= Frogs Eat Butterflies. Snakes Eat Frogs. Hogs Eat Snakes. Men Eat Hogs =

Poem by Wallace Stevens

"Frogs Eat Butterflies. Snakes Eat Frogs. Hogs Eat Snakes. Men Eat Hogs" is a poem from Wallace Stevens's first book of poetry, Harmonium. It was first published in The Dial in 1922 and is therefore in the public domain.

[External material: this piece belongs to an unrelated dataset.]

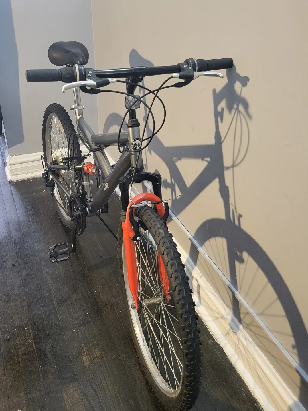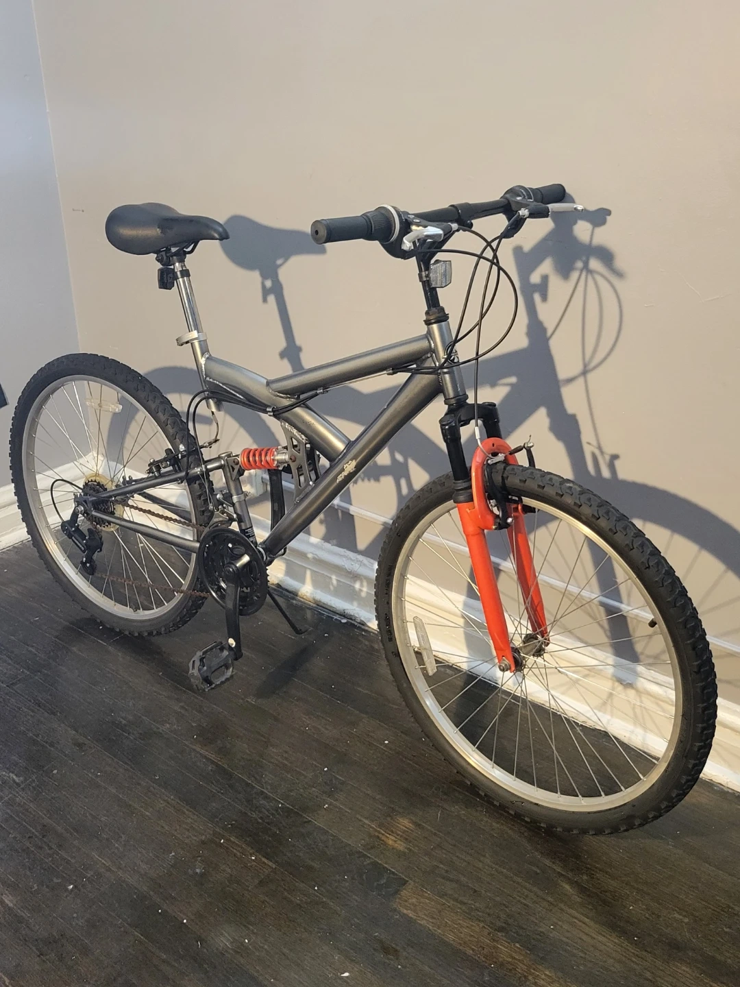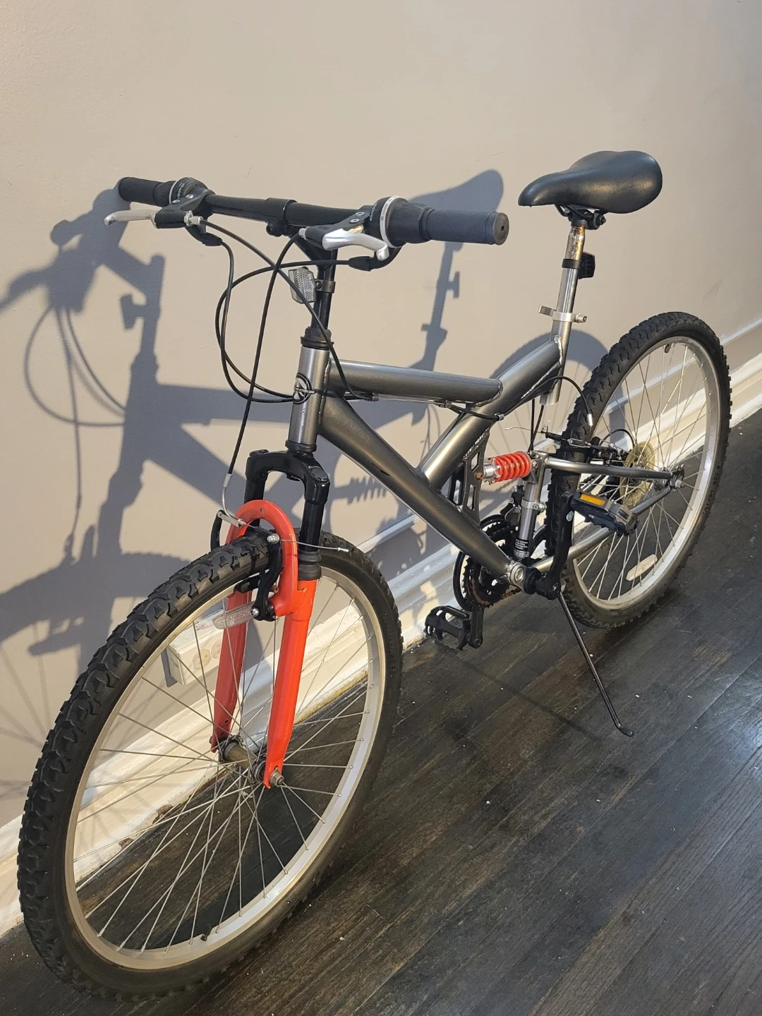 This is a full suspension mountain bike with a gray frame. It has red accents on the front fork. The tires appear to be standard mountain bike size.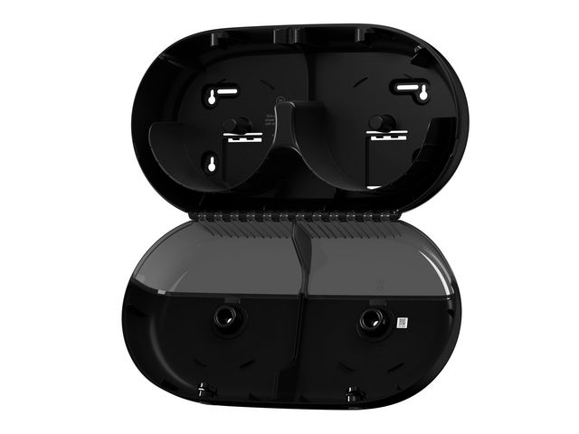 Tork SmartOne Twin Mini Toalettrull Dispenser i Elevation Design er et effektivt og svært robust dispensersystem som passer for krevende toalettrom med høy trafikk. På grunn av plass til to ruller og at den avgir ett tørk av gangen reduseres forbruket med opptil 40 % sammenlignet med tradisjonelle jumborulldispensere, noe som igjen betyr flere besøk per rull.

 It is true that the rivers went nosing like swine,
 Tugging at banks, until they seemed
 Bland belly-sounds in somnolent troughs,

 That the air was heavy with the breath of these swine,
 The breath of turgid summer, and
 Heavy with thunder's rattapallax,

 That the man who erected this cabin, planted
 This field, and tended it awhile,
 Knew not the quirks of imagery,

 That the hours of his indolent, arid days,
 Grotesque with this nosing in banks,
 This somnolence and rattapallax,

 Seemed to suckle themselves on his arid being,
 As the swine-like rivers suckled themselves
 While they went seaward to the sea-mouths.

==Interpretation==
This poem's title is one of those that rankled with Louis Untermeyer, but Stevens insisted on it in preference to the abbreviated "Frogs Eat Butterflies", which he wrote in a 1922 letter, "would have an affected appearance, which I should dislike". If "The Worms at Heaven's Gate" is about death, then "Frogs Eat Butterflies. Snakes Eat Frogs. Hogs Eat Snakes. Men Eat Hogs." is about aging.